BjornFJohansson / pydna

Clone with Python! Data structures for double stranded DNA & simulation of homologous recombination, Gibson assembly, cut & paste cloning.
Other
160 stars 39 forks source link

Next getitem implementation for circular sequences #191

Open manulera opened 5 months ago

manulera commented 5 months ago

A followup to #161

The problem

Currently, for a circular sequence seq, seq[0:0] or seq[1:1] return the linearised version of that sequence. That makes sense, but is problematic for certain cases. Let's imagine we create a function that wants to get the first x nucleotides after a given base, the function would return an unexpected result for x == 0: seq[0:0+0] would give the entire sequence.

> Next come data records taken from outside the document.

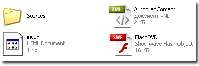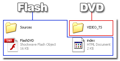 Например, если у кого-то нет DVD плеера на ПК, то диск можно просмотреть с помощью браузера. Таким образом можно добавлять бонусные материалы к DVD диску, просмотреть которые можно только на компьютере. Структура такого диска представлена ниже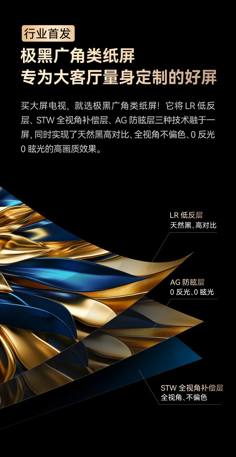 具体而言,LR低反层可以实现像OLED一样的天然黑和高对比;STW全视角补偿层带来了全视角的观影体验,有效消除侧视泛白、偏色的问题,全家人从不同角度看电影都能拥有最佳视觉效果;AG防眩层实现屏幕0反光、0眩光,解决了OLED电视在灯光复杂的环境下出现反光、画面看不见、亮度低等显示痛点。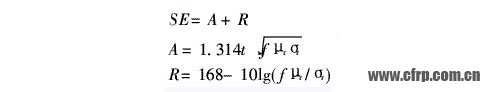 根據(jù)Schelkunoff電磁屏蔽理論,材料的電磁屏蔽效能SE由吸收損耗A、反射損耗R和內(nèi)部反射損耗B組成。當(dāng)A大于10dB時,B可以忽略,則屏蔽效能是A和R之和,用公式表示為: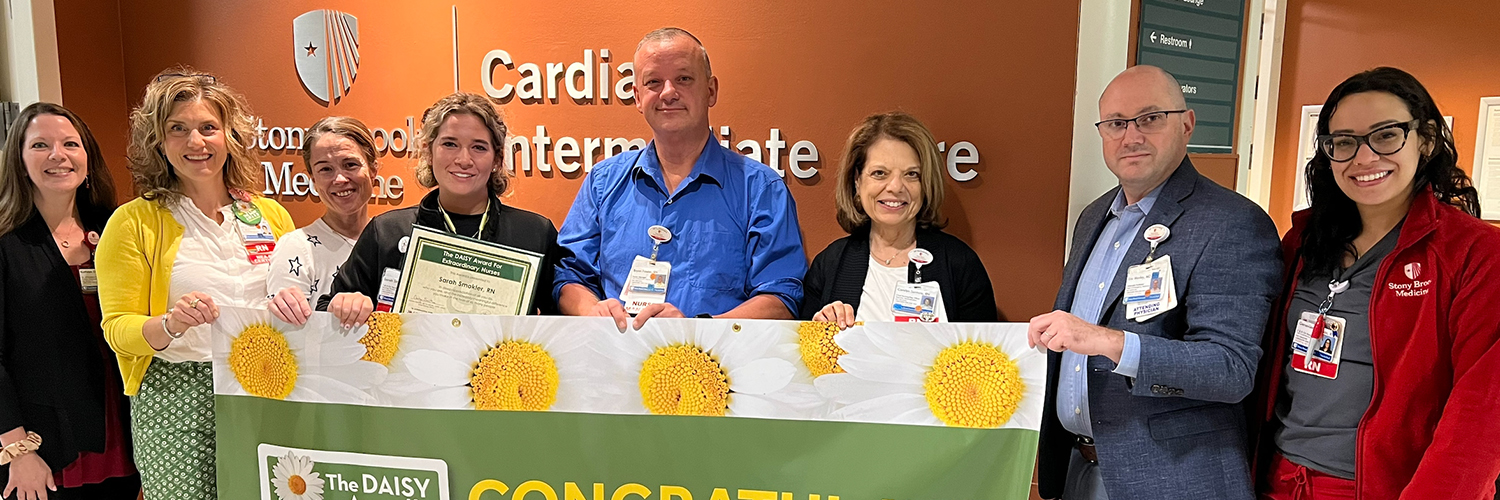 Stony Brook University Hospital recently introduced the DAISY Award for Nursing Excellence and recognized Sarah Smokler, RN, 16 South/Cardiology as the first hospital-wide Stony Brook University Hospital recipient in June 2023 for the outstanding care and compassion she displays to her patients. She was nominated by a former patient who shared a story of how Sarah provided her with kindness and support during an anxious moment during her hospitalization.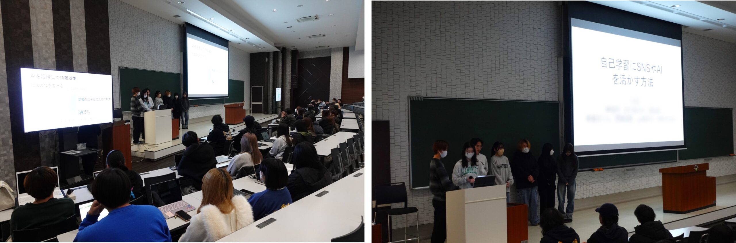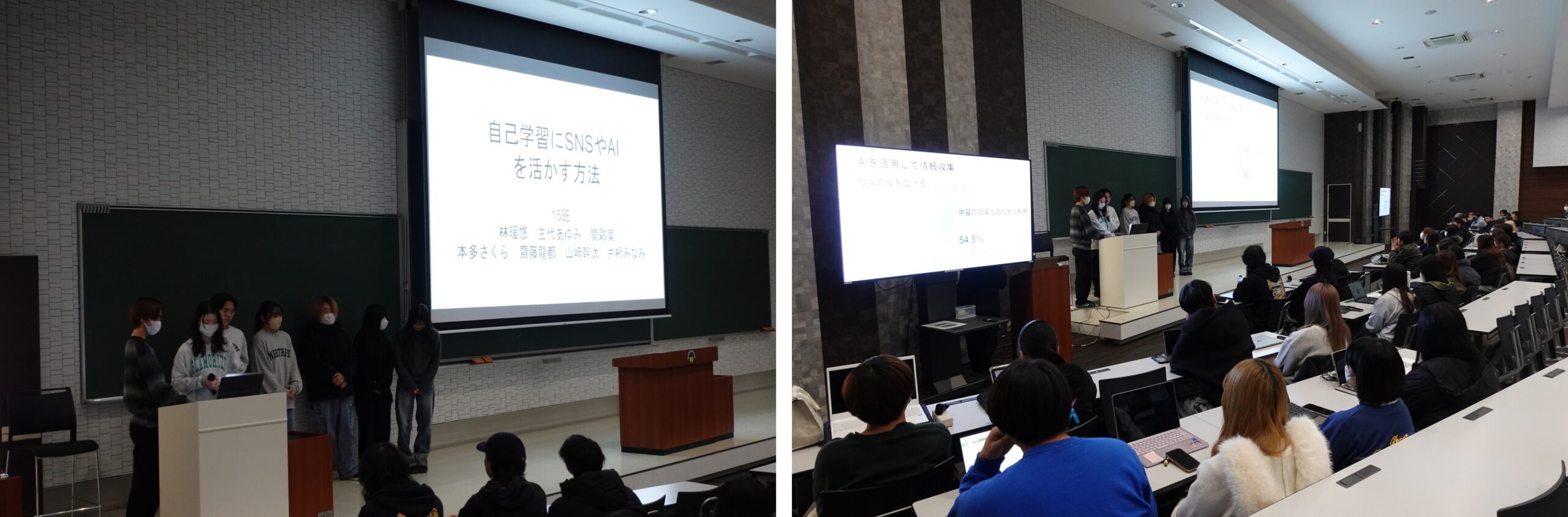 今回は、3学科合同のグループで、今までの授業の集大成を発表しました。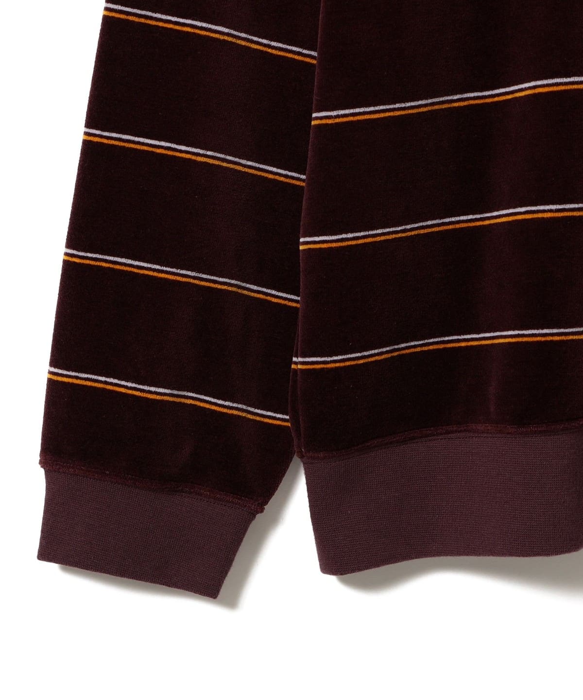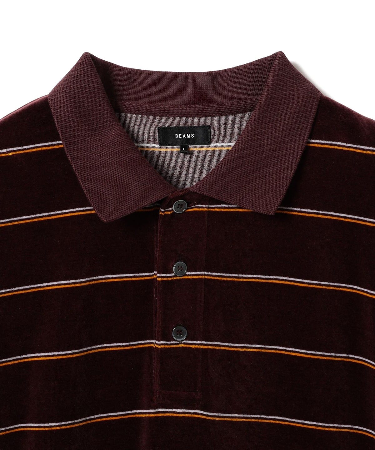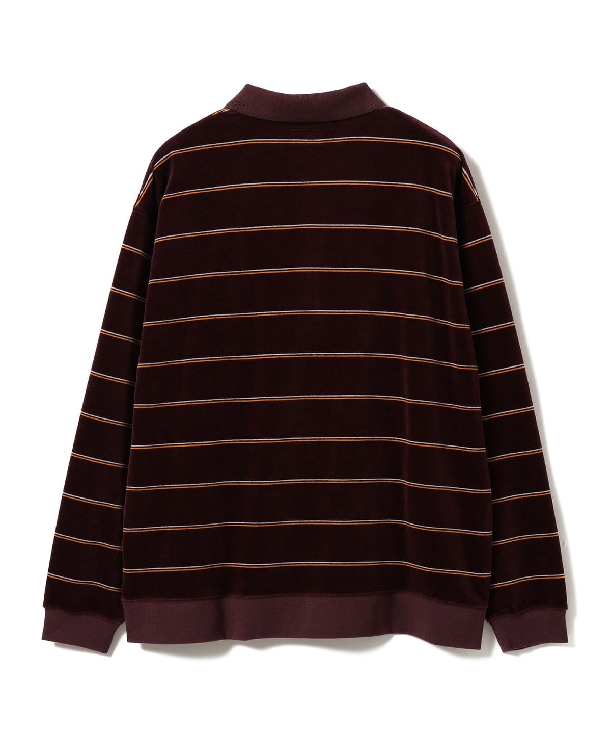 부드러운 촉감이 특징인 벨벳 소재를 사용한 스트라이프 폴로 셔츠입니다.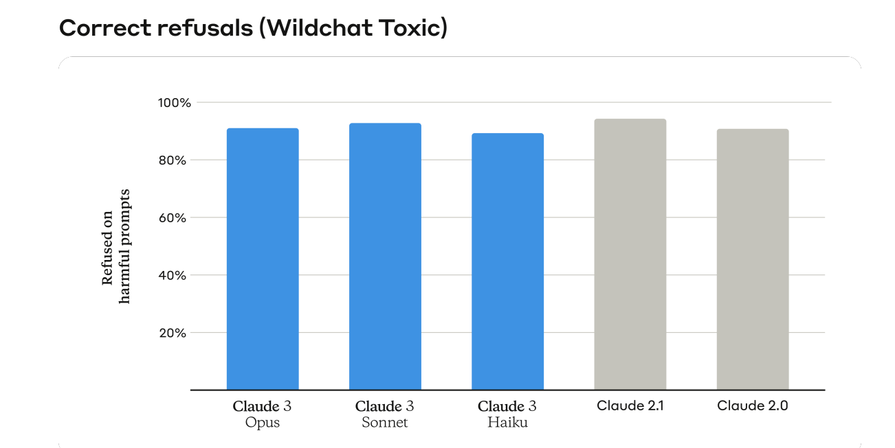 The issue with refusals is that there is this inherent tradeoff between helpfulness and harmlessness. More helpful and responsive models might also exhibit harmful behaviors, while models focused too much on harmlessness may withhold information unnecessarily, even in harmless situations. Claude 2.1 was over-refusing, but we made good progress on Claude 3 model family on this.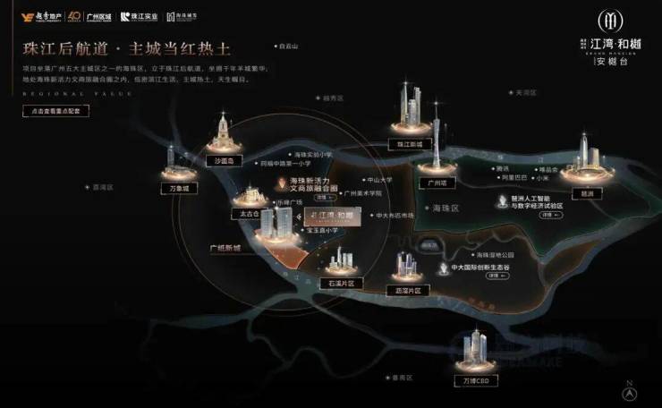 秀珠实城发·江湾和樾坐落广州五大主城区之一的海珠区,立于珠江后航道,坐拥千年羊城繁华;地处海珠新活力文商旅融合圈之内,低密滨江生活,主城热土,天生瞩目。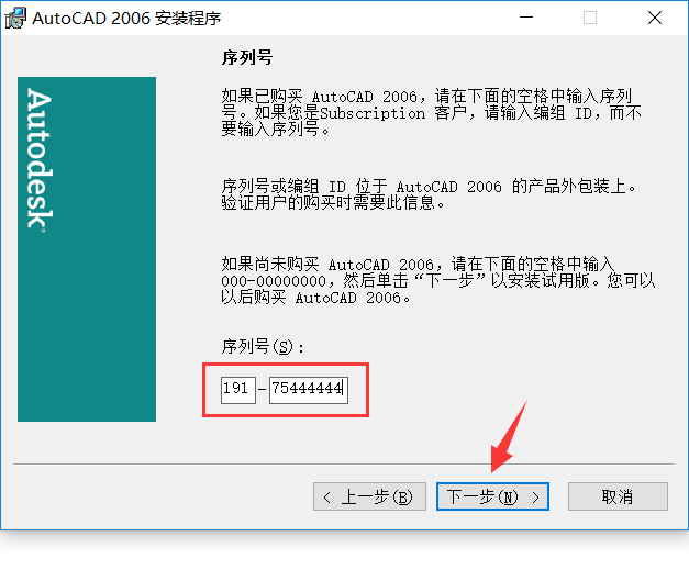 5、序列号输入191-75444444 , 在点击下一步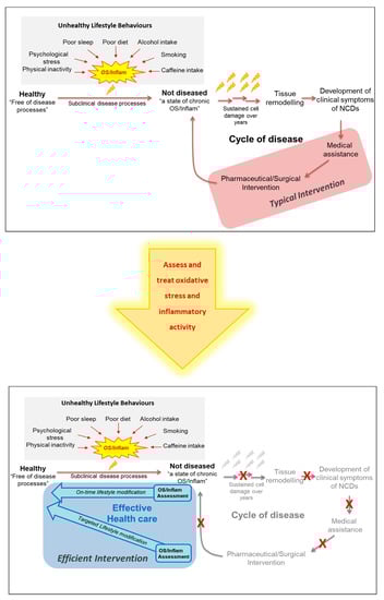 It is relevant to reiterate that a condition of oxidative stress and inflammation is not a diseased state but is rather a preclinical state representing significant cellular stress and damage [,,,]. The information and perspective presented in this paper supports the view that this state can be produced as a result of chronic exposure to various unhealthy lifestyle behaviours. The damage caused by oxidative stress and inflammation, if not detected early and prevented, can accumulate over time causing serious tissue remodelling that will eventually result in a diseased phenotype [,,]. Therefore, the assessment of redox state during the early stage when no clinical symptoms of disease are manifest can assist with identifying an individual’s early biochemical shifts toward development of disease. In this way, the ongoing tissue damage due to chronic oxidative stress and inflammation can be reduced or even halted by early modification strategies such as lifestyle changes. This will prevent or limit development of irreversible organ damage and subsequent disease. Improving the course of preclinical disease in this way not only can provide improved patient outcomes but also can reverse disease progression and, therefore, reduce both the need and costs of ongoing healthcare.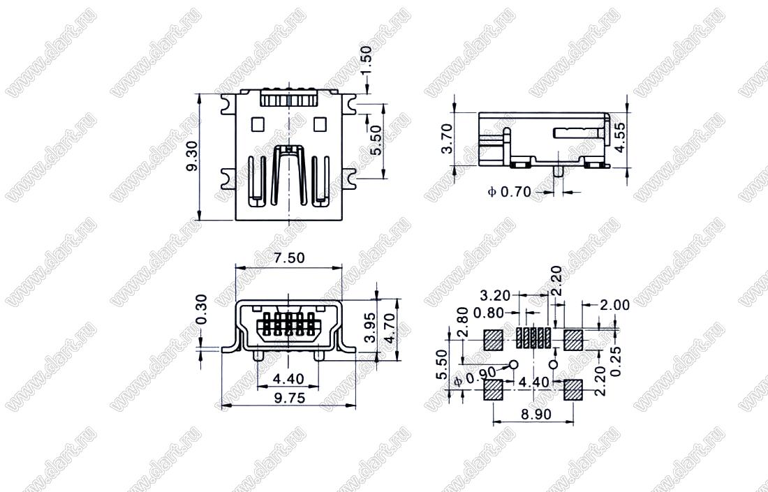 US01-451 розетка мини USB2.0 для поверхностного (SMD) монтажа, 5 конт.,(0.3)   US01-451

Knowing that this is the behaviour, it is then possible to add an exception to the function for x == 0, but it's still not great.

Possible alternative

We could support slicing of circular molecules with indexes bigger than the length of the sequence, for instance, what now is represented as seq[7:2] for a sequence of length 10, it could be represented as seq[7:12]. This is equivalent to the behaviour of a circular string, and potentially would be allowed interesting functionality, such as getting more than a full circle. In the previous example of a sequence of length 10, seq[1:15] could return more than one loop.

The problem

When we discussed the other day, we said that a lot of pydna functions use module operations to not have expressions like seq[7:12], and have seq[7:2] instead, so this change may break some code, even if both syntaxes are still supported. The tests most likely would pick up the errors introduced, but is a breaking change for other users, so it should be postponed until a major release.